"Taxing Commuters Without a Commuter Tax"
Lydia DePillis reports on the release of a hot new book on the sexy sexy subject of Finance and Governance of Capital Cities in Federal Systems, detailing the unique burdens such cities face:
Their analysis identified three different ways in which capital cities are organized: Federal districts carved out of two neighboring jurisdictions (including D.C., Canberra, Mexico City, and Addis Ababa), city states (like Berlin and Brussels), and cities within a province or state (Ottawa, Bern, and Cape Town).
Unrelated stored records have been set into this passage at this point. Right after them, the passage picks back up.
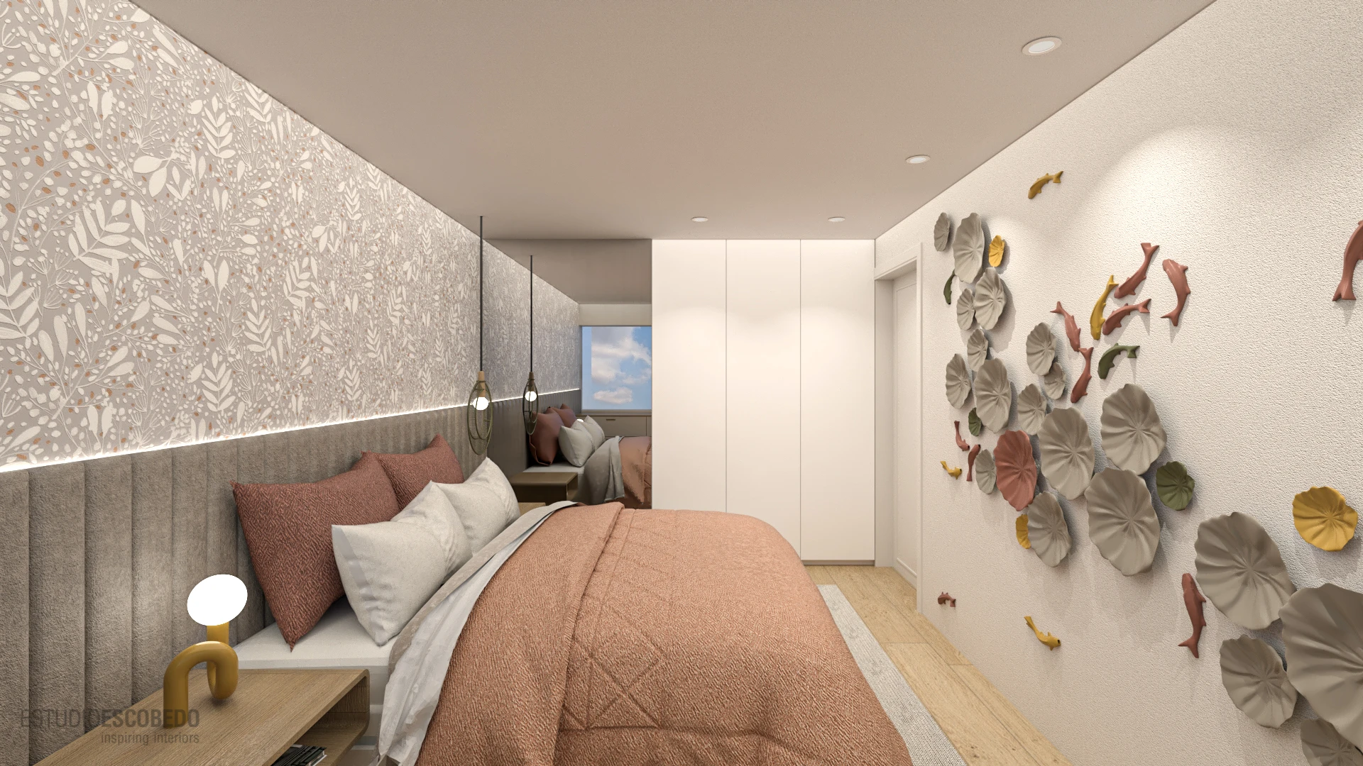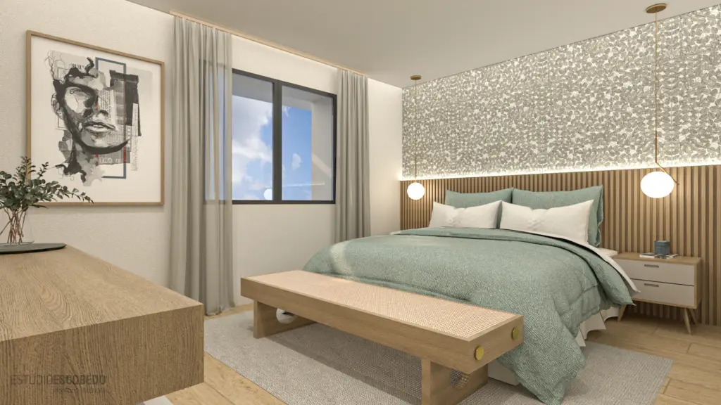 Paredes en tonos suaves aportan amplitud y luz, mientras la iluminación moderna crea ambientes cálidos.
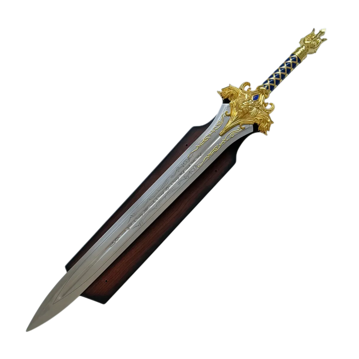 This massive, highly detailed, and gold-adorned sword is the perfect centerpiece for any World of Warcraft collector or fantasy weapon enthusiast.
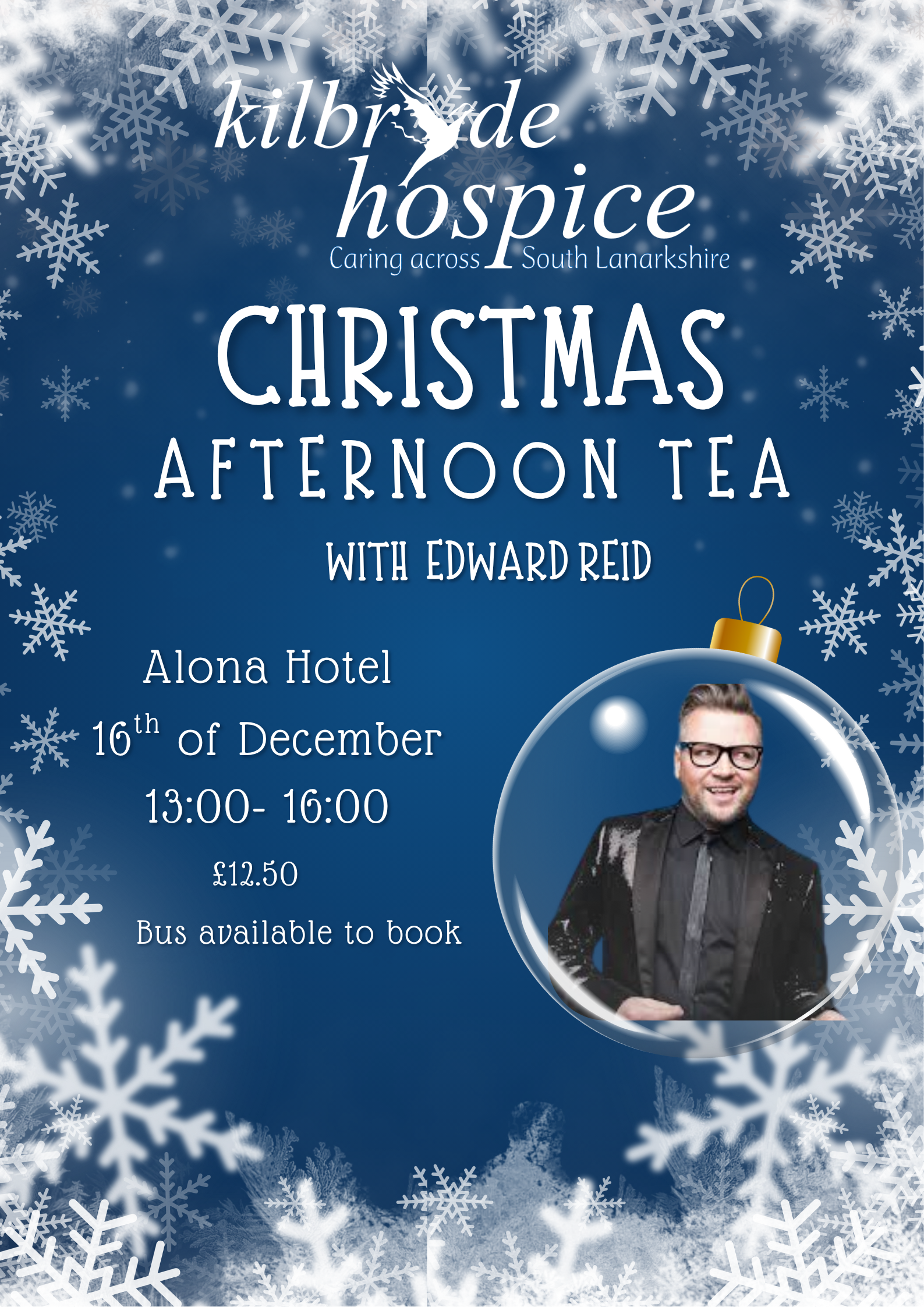 We’re thrilled to invite you to the Kilbryde Hospice Afternoon Tea at the stunning Alona Hotel on Tuesday 16th December — hosted by the incredible Edward Reid! 🌟
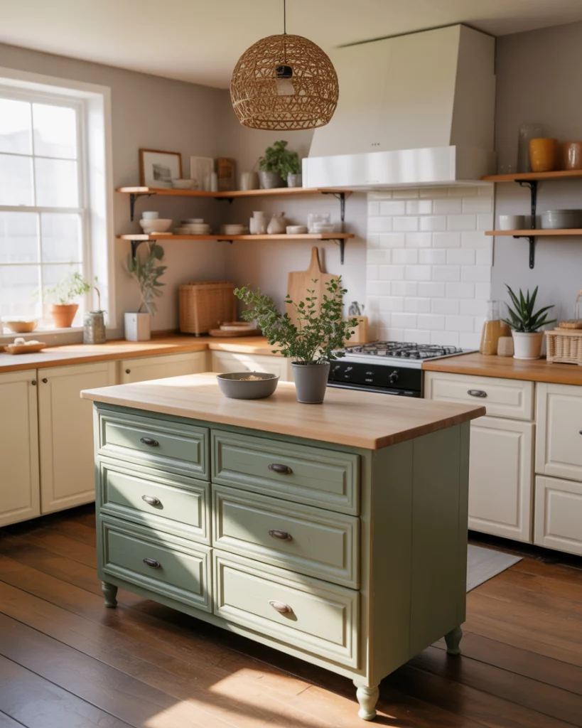 A clever, easy DIY transformation using a repurposed dresser or console creates a one-of-a-kind island. The character of existing furniture paired with fresh paint brings charm to small kitchens where creativity solves tight layouts. Add casters or a top overhang for added function. Many repurposed islands start under $100, especially when sourced from thrift shops or Facebook Marketplace—an accessible way to personalize your kitchen.

The chapter on the District is written by our own Chief Financial Officer Nat Gandhi—or at least his staff—who knows just how hard it is to run a city where 34 dollars out of every hundred earned disappear to surrounding jurisdictions, and much of the most valuable land contributes nothing to the city’s coffers.
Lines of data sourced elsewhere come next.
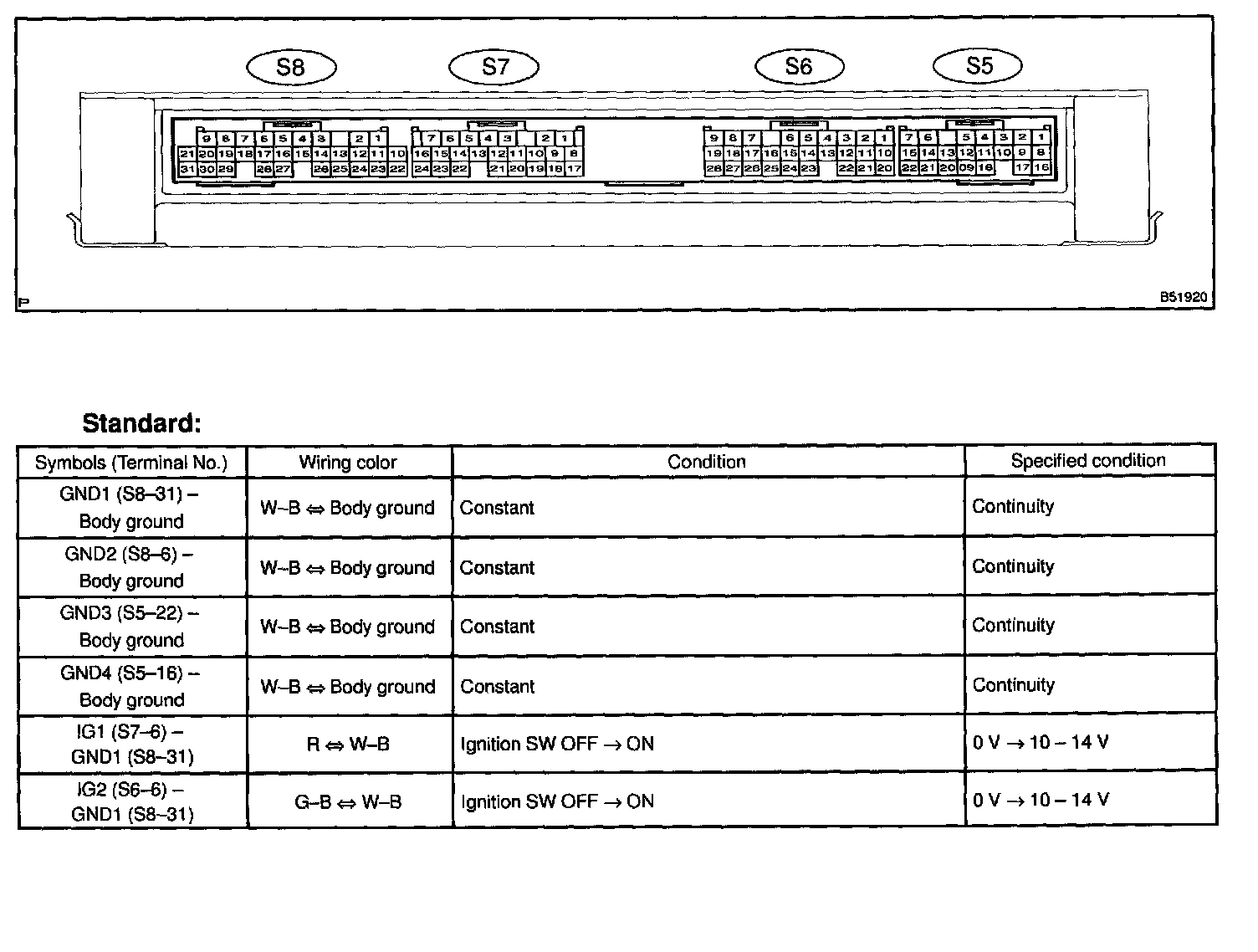 a. Disconnect the ECU connectors S5, S6, S7 and S8.
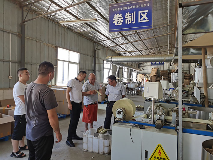 (图:视察南阳市艾铭源农业科技有限公司生产车间)
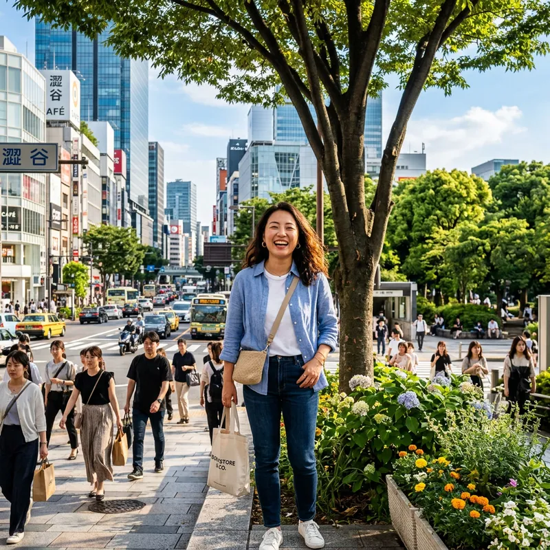 Generate an image of an Asian woman in her thirties, standing outdoors on a sunny day. She is wearing comfortable casual clothing and is smiling brightly, showing an aura of positivity and happiness. Around her is a bustling city landscape with people going about their day, tall skyscrapers kissing the sky and vehicles navigating the busy city streets. The cooling shade of a tree falls on her, the warm sun illuminates her hair and the fresh air is filled with the scent of flowers from a nearby park.
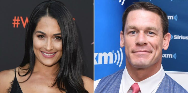 Nikki Bella is slowly but surely working her way through her breakup with John Cena. According to TMZ, the Total Bellas star is apparently moving out of the house she and John Cena once shared and is house hunting for her own place close to Brie Bella's California home. The twins appeared on The Tonight Show on Wednesday, July 25, and in their interview with Jimmy Fallon, they talked about breakups when they were kids compared to breakups now. And the video of Nikki Bella joking about her breakup with John Cena is so cringeworthy, it produced a unanimous uncomfortable groan from the audience. Even Jimmy Fallon let in a sharp breath between gritted teeth after Bella made the joke. It wasn't outright offensive or anything, but yikes, was it awkward.
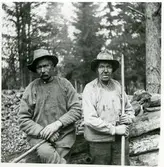 Per Larsas köla´, kolmila och kolarkoja. Från vänster: ej känd person, Per Larsson, Kvarnåsen, och Lars Ersson, Sörsidan.
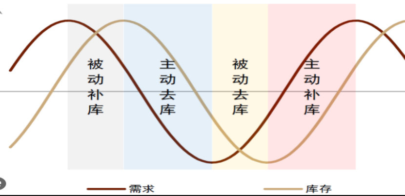 该周期大致为40个月,亦称库存周期(如下图所示),包括主动补库存、被动补库存、主动去库存及被动去库存四个阶段,体现了周期内供需波动。

“I do not see any possibility of commuter taxes in my lifetime,“ Gandhi said firmly. And then, about gazing out at the monuments from his former office at 441 4th Street: “Lovely, lovely places, but nothing I could tax.”
It always strikes me that DC government ought to be more creative about ways to shift more of our tax burden onto commuters. The idea of a “commuter tax” appeals because it would literally only tax people who use city services but don’t get to vote for City Council. But congress won’t allow it. That said, the essence of the problem is that there are all these commuters in the city every day and it should be easy enough to place higher taxes on things they’re likely to do and lower taxes on things they’re unlikely to do.
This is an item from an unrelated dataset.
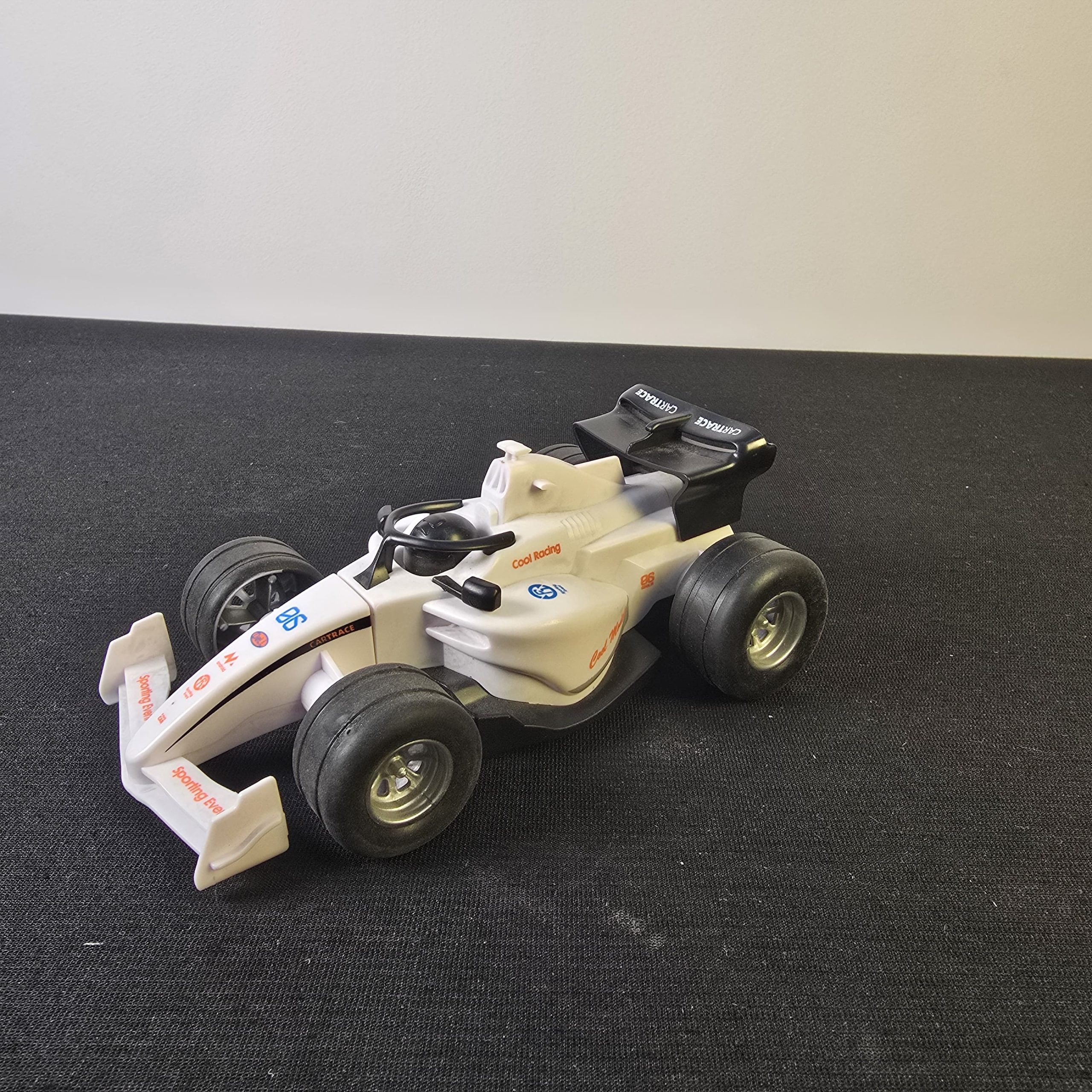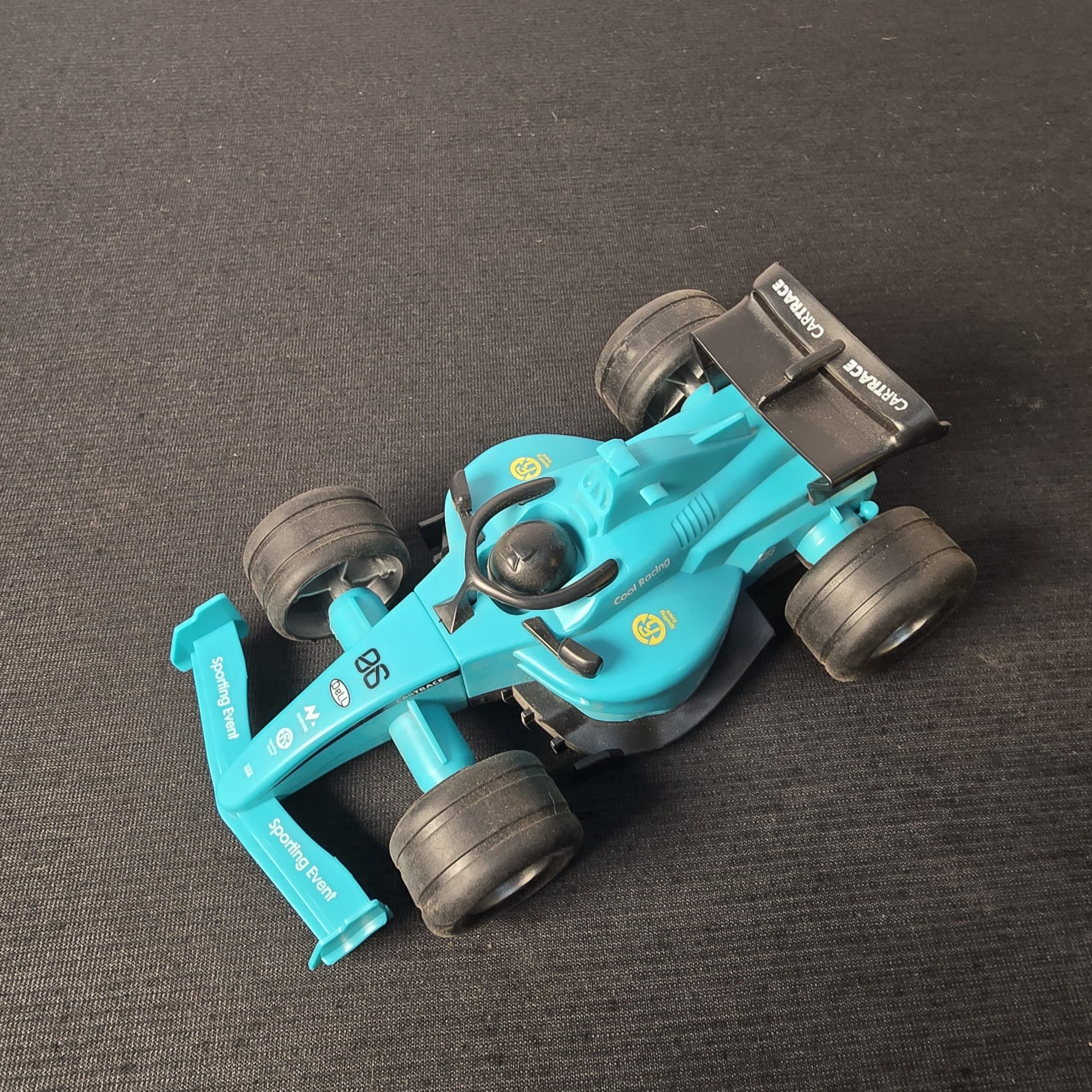 • Key Feature (Foldability): The car is designed with a hinged chassis. When unfolded, the body often extends to reveal a hidden track or a ramp inside. Some versions of this toy allow the “front” of the F1 car to act as an ejection launcher for smaller 1:64 scale cars.

For example, taxes on parking garages (including on the value of free parking) could be raised, and the increased revenue could be offset by lower sales taxes. Except instead of lowering sales taxes throughout the city, we could define a “downtown sales tax zone” where the tax stays at 10 percent, and just lower the taxes outside that downtown zone. The upshot would be higher taxes on everyone who drives downtown (a group mostly composed of non-residents) and lower taxes on everyone who buys stuff outside of downtown, a group overwhelmingly composed of residents.
Like with taxing the rich the important thing to realize is that once you abandon absolute purism, it gets much easier to shift the tax burden around. Taxing exclusively the rich is hard to do efficiently. Taxing exclusively commuters is hard to legally. But coming up with taxes that are mostly paid by those people and then lowering taxes that are mostly paid by other people is much simpler.